Maximum Message Size¶
The default maximum message size is 1MB
. There's a way to increase this limit in case you want to, but please think it
through before doing so. The safest action might be to enable compression.
The max message size is determined by:
- Max messages size supported by gRPC (default value is
64MB
in Numaflow). - Max messages size supported by the Inter-Step Buffer implementation.
If JetStream
is used as the Inter-Step Buffer implementation, the default max message size for it is configured as 1MB
.
You can change it by setting the spec.jetstream.settings
in the InterStepBufferService
specification.
apiVersion: numaflow.numaproj.io/v1alpha1
kind: InterStepBufferService
metadata:
name: default
spec:
jetstream:
settings: |
max_payload: 8388608 # 8MB
It's not recommended to use values over 8388608
(8MB) but max_payload
can be set up to 67108864
(64MB).
Please be aware that if you increase the max message size of the InterStepBufferService
, you probably will also need to
change some other limits. For example, if the size of each messages is as large as 8MB, then 100 messages flowing in the
pipeline will make each of the Inter-Step Buffer need at least 800MB of disk space to store the messages, and the memory
consumption will also be high, that will probably cause the Inter-Step Buffer Service to crash.
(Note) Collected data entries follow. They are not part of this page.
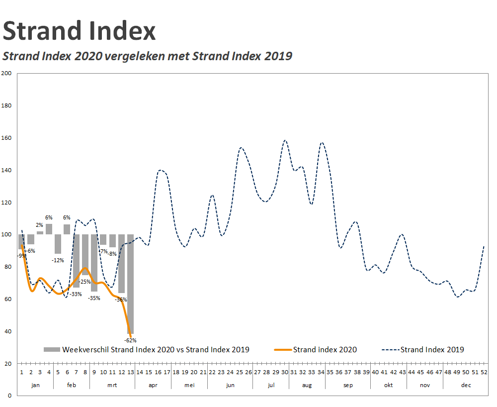 Wat de stranden betreft was het ondanks het mooie weer 38% rustiger dan het weekend ervoor en 62% minder druk dan vorig jaar. Op veel plaatsen was parkeren onmogelijk gemaakt waardoor het bereiken van het strand vaak alleen met de fiets of het openbaar vervoer mogelijk was.
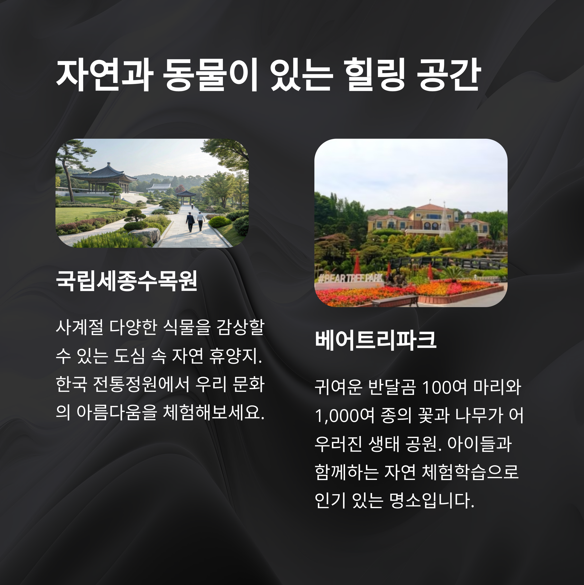 안녕하세요. 오늘은 최근 여행지로 각광받고 있는 세종시의 매력을 가득 담은 장소들을 소개해드릴게요. 세종시는 대한민국의 행정 중심지라는 인식이 강하지만, 막상 여행을 떠나보면 자연, 문화, 교육, 감성까지 모두 경험할 수 있는 '복합 힐링 도시'라는 사실을 알 수 있습니다. 서울과 대전에서 대중교통으로도 쉽게 이동할 수 있고, 깨끗하고 잘 정비된 환경 덕분에 아이와 함께하는 나들이나 커플 여행, 조용한 혼자 여행까지 누구에게나 좋은 선택지가 되어줍니다. 이번 글에서는 세종에서 꼭 들러야 할 대표 핫플 7곳을 큐레이션해봤어요. 테마별로 골라보는 재미도 쏠쏠하니, 지금부터 하나씩 확인해보세요!
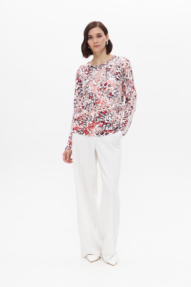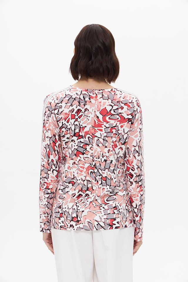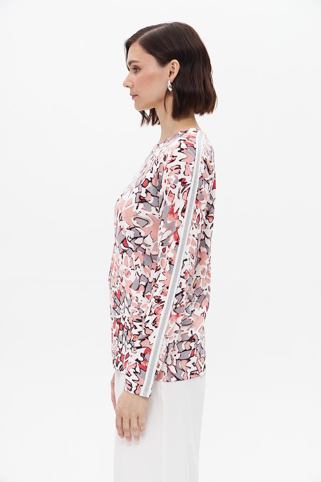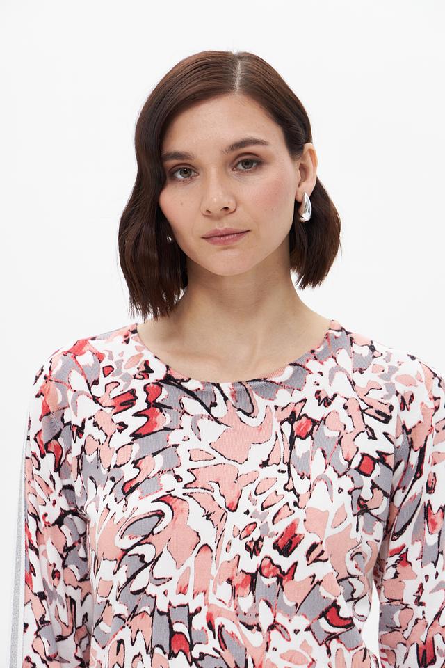 Пуловер имеет округлый вырез горловины и длинные рукава, украшенные контрастными полосками. Нежный розовый цвет и абстрактный принт делают этот пуловер особенно привлекательным и женственным.

In that case, you might
need to update the retention policy in the Inter-Step Buffer Service to make sure the messages are not stored for too long.
Check out the Inter-Step Buffer Service for more details.
Enable Compression¶
Numaflow supports automatic compression while writing and reading the messages to and from the Inter-Step Buffer, this can help to reduce the storage and network cost to ISB. Enabling compression will help in ISB stability and should be used if the payload is large (e.g, > 1MB). This is transparent to the user-defined functions, compression and decompression is taken care by Numaflow before writing to the ISB and after reading from the ISB.
Available compression types are:
- none
(default)
- gzip
- zstd
- lz4
Performance Numbers¶
The tests were run with fixed CPU 300m
CPU using random 1KB
payload.
Compression | Throughput (msg/s) | Disk Usage by ISB (GB) |
---|---|---|
None | 1000 | 7 ~ 7.2 |
GZIP | 132 | 1.2 ~ 1.4 |
ZSTD | 900 | 4.5 ~ 4.7 |
LZ4 | 1000 | 2.8 ~ 3 |
Clearly the best compression (least disk usage) is gzip
, but it has the lowest throughput. lz4
has the best
throughput and zstd
is in the middle. If you want to use gzip
, you might need to increase the CPU of numa
container
to get better performance.
Configuration¶
You can enable it by setting the compression
field in the Pipeline
specification.
apiVersion: numaflow.numaproj.io/v1alpha1
kind: Pipeline
metadata:
name: my-pipeline
spec:
interStepBuffer:
compression:
type: COMPRESSION_TYPE